── Information provided ──

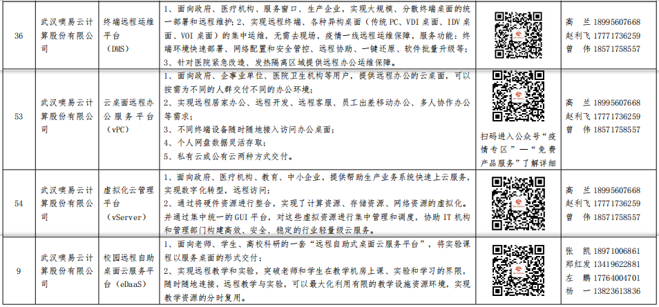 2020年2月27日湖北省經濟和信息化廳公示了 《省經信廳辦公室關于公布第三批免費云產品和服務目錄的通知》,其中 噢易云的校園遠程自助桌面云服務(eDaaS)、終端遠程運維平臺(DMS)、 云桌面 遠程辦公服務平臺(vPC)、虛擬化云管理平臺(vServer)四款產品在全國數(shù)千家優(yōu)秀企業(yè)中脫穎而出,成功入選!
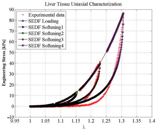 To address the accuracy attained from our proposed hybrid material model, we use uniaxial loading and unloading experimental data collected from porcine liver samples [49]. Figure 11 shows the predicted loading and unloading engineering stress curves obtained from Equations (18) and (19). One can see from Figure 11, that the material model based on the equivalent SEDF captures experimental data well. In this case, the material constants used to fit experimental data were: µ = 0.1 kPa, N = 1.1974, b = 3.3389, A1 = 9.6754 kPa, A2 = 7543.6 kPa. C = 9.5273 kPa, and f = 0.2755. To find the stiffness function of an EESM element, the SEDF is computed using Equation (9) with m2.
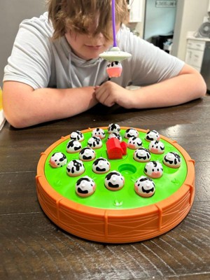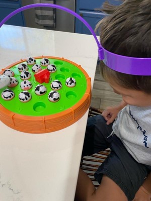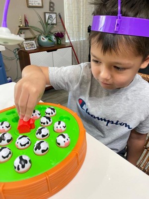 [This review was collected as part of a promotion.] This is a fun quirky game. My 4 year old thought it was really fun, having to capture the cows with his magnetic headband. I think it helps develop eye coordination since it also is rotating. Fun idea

───

▸ **Exercise instructions**: Quote the full listing above word for word; exclude every picture from the copy.

▸ **Result for this task**:
 2020年2月27日湖北省經濟和信息化廳公示了 《省經信廳辦公室關于公布第三批免費云產品和服務目錄的通知》,其中 噢易云的校園遠程自助桌面云服務(eDaaS)、終端遠程運維平臺(DMS)、 云桌面 遠程辦公服務平臺(vPC)、虛擬化云管理平臺(vServer)四款產品在全國數(shù)千家優(yōu)秀企業(yè)中脫穎而出,成功入選!
 To address the accuracy attained from our proposed hybrid material model, we use uniaxial loading and unloading experimental data collected from porcine liver samples [49]. Figure 11 shows the predicted loading and unloading engineering stress curves obtained from Equations (18) and (19). One can see from Figure 11, that the material model based on the equivalent SEDF captures experimental data well. In this case, the material constants used to fit experimental data were: µ = 0.1 kPa, N = 1.1974, b = 3.3389, A1 = 9.6754 kPa, A2 = 7543.6 kPa. C = 9.5273 kPa, and f = 0.2755. To find the stiffness function of an EESM element, the SEDF is computed using Equation (9) with m2.
 [This review was collected as part of a promotion.] This is a fun quirky game. My 4 year old thought it was really fun, having to capture the cows with his magnetic headband. I think it helps develop eye coordination since it also is rotating. Fun idea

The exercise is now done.